In 2008, he compiled 100 points on 22 of 28 field goal and all 34 extra point attempts. Against Indiana, he was named a Lou Groza Star of the Week for a career-high 16 points, career-high four field goals, and career-long 48-yard field goal. Due in part to a missing all three field goal attempts against Michigan, Swenson was not selected as one of the twenty Lou Groza Award semifinalists, which Michigan State associate athletic director for communications John Lewandowski called "remarkably disappointing". The following game, he was named the Big Ten Special Teams Player of the Week for his performance against Wisconsin. He made all four field goal attempts including a game-winning 44-yard kick with seven seconds remaining to put the Spartans ahead 25–24. Swenson was named to the All-Big Ten second-team by both the media and coaches.

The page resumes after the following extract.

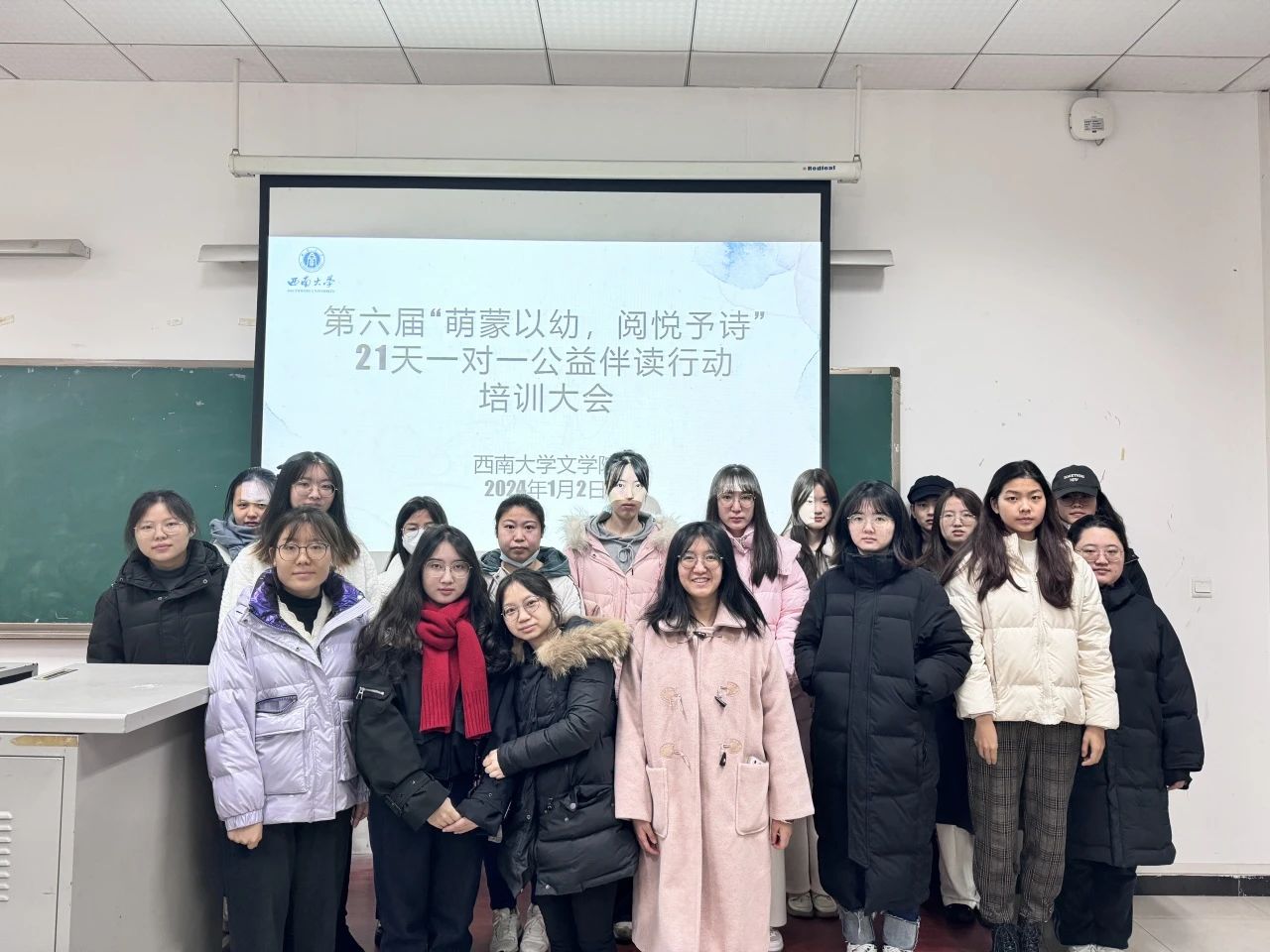 为深入学习贯彻党的二十大精神,助力乡村振兴、文化振兴,2024年1月西南大学best365英国在线体育官网研究生会启动了第六届“萌蒙以幼·阅悦予诗”21天一对一公益伴读行动。本次活动以“线下+线上”相结合的方式,通过建立一帮一结对的互助模式,进行为期21天的帮扶乡镇儿童阅读培养计划。活动根据以往教育实习经历、学生工作等多个方面的考察,最终共遴选招募了18名伴读志愿者。

In 2009, Swenson was named Team MVP for his role in several games, including a high-scoring victory over Purdue. He participated in the 2010 Senior Bowl. As of January 2010, CBS Sports affiliate The NFL Draft Scout considered him the number-one placekicker prospect for the 2010 NFL draft and projects him being selected in the sixth or seventh round.

==Professional career==

===Indianapolis Colts===
Despite being predicted as a number one kicker, Swenson was not selected in the 2010 NFL draft (not a single kicker was drafted). Afterwards on April 24, 2010, Swenson signed as an undrafted free agent with the Indianapolis Colts. He was placed on injured reserve, and was eventually released on July 28, 2011.